Además si bien reconoció que Rosario y Montevido en tamaño y en cantidad de población son parecidas, dijo "en el fútbol son mucho más pasionales. Si bien en Uruguay somos enfermos por el fútbol, acá es mucho peor. Apenas salís a la calle ya te están hablando. '¡Hay que ganar el clásico, hay que ganar el clásico!', es lo único que me dicen. Y los hinchas de Rosario Central también, pero al revés. Me piden que no vaya a hacer un gol en el clásico. Te reconocen todos, pero nadie te habla mal".

Boghossian recordó su primer día de pretemporada y dijo que se lleva muy bien con sus compañeros: "Recuerdo que en Piriápolis cuando me sumé al grupo en la única mesa en que había lugar era en la de Schiavi, Bernardi y Peratta, los más grandes. Me quería morir. Para peor Schiavi me habló y me metió el peso diciéndome que tenía que pagar multa porque había llegado tarde al almuerzo. Estuve 30 segundos en que no sabía si era en serio o en broma. Hasta que se empezaron a reír y me di cuenta que era todo joda. Es más, me dijeron que si había hecho un milagro en Cerro tratara de hacer un milagro en Newell`s".

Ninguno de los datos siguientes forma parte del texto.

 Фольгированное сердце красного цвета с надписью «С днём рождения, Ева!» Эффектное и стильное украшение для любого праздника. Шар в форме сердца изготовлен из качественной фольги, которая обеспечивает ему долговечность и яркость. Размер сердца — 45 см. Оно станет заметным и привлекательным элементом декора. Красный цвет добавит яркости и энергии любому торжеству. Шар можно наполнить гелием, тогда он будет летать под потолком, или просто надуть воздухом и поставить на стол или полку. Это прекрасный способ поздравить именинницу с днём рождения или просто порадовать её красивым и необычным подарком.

También tuvo palabras muy elogiosas para Roberto Sensini: "Es bárbaro. Siempre me vino a hablar, aun cuando no estaba jugando. Me daba confianza y me decía que ya iba a tener mi oportunidad. Y cuando empecé a jugar también. No es un tipo que te esté mucho arriba, pero te dice cuatro o cinco cosas que quiere que hagas y después te deja libertad. Es muy respetado hasta por los más grandes, porque además de su trayectoria como jugador es una muy buena persona y nunca está de mal humor".

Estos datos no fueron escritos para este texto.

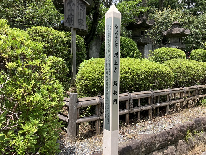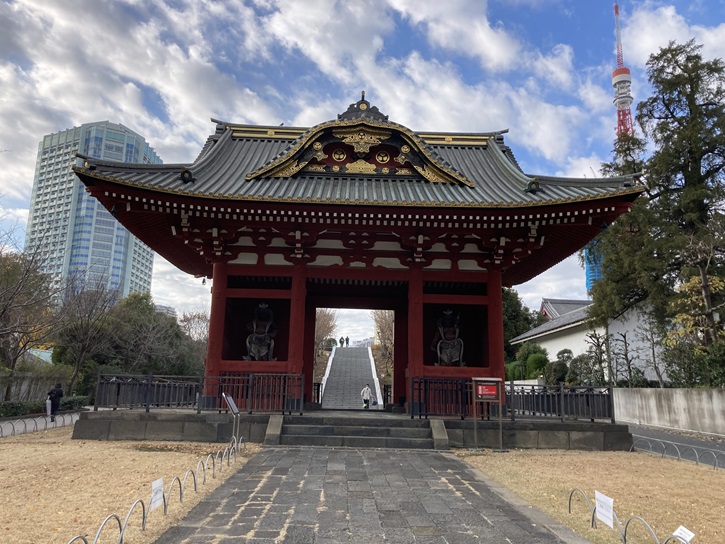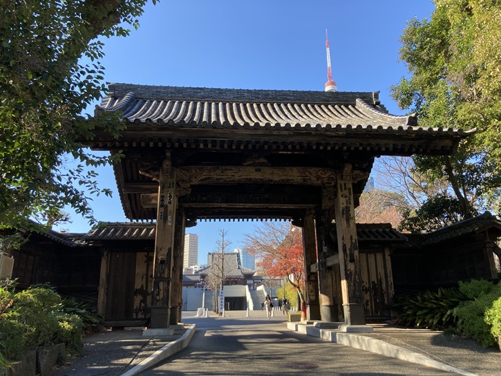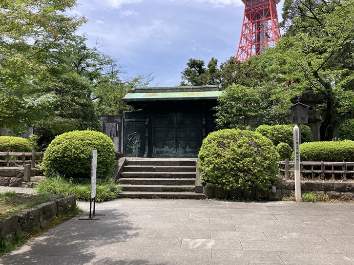 惣門から「増上寺(徳川将軍家菩提寺)」に向かいます。惣門の先に、年代を感じさせる「黒門」があります。黒門は、増上寺方丈(僧侶の居住する住居または仏教の修行場)の表門であった旧方丈門で、三代将軍徳川家光の寄進・建立とされています。明治時代に増上寺方丈に北海道開拓使の仮学校や海軍施設が置かれ、その後芝公園となって鐘楼堂脇に移築したものを、昭和五十五年に通用門として日比谷通り沿いに移築されました。

Relató además que el juego en Argentina es más rápido pero que las diferencias están en la infraestructura y en el entorno. "Acá no te dejan faltar nada. Están siempre preocupándose porque estés bien. Te cuidan como a un profesional. En Uruguay no es así, muchas veces porque no se puede, como era en Cerro. Eso es lo que más me sorprendió. Acá, sinceramente, te sentís como un verdadero profesional y si no rendís es porque sos malo o no estás teniendo suerte".

Vive en un sexto piso en el barrio Pichincha, se cocina, siguiendo las indicaciones de la nutricionista de Newell`s. Mucha pasta, milanesas al horno y pollo. Pero con el paso de los meses comenzó a extrañar mucho a los suyos. Entre sus mayores nostalgias están sus tres perros. "Veo uno por la calle y me dan ganas de traérmelo", confió.

Por último contó como se sintió cuando le gritaron "Uruguayo": "Fue en el partido contra Vélez, cuando hice los dos goles. Era un partido bravísimo que habíamos dado vuelta, y estaba tan contento que no me di mucha cuenta. No caí todavía. Y en este último partido también me gritaron. Aunque cuando hice el gol en contra me gritaron uruguayo y alguna otra cosa más, je".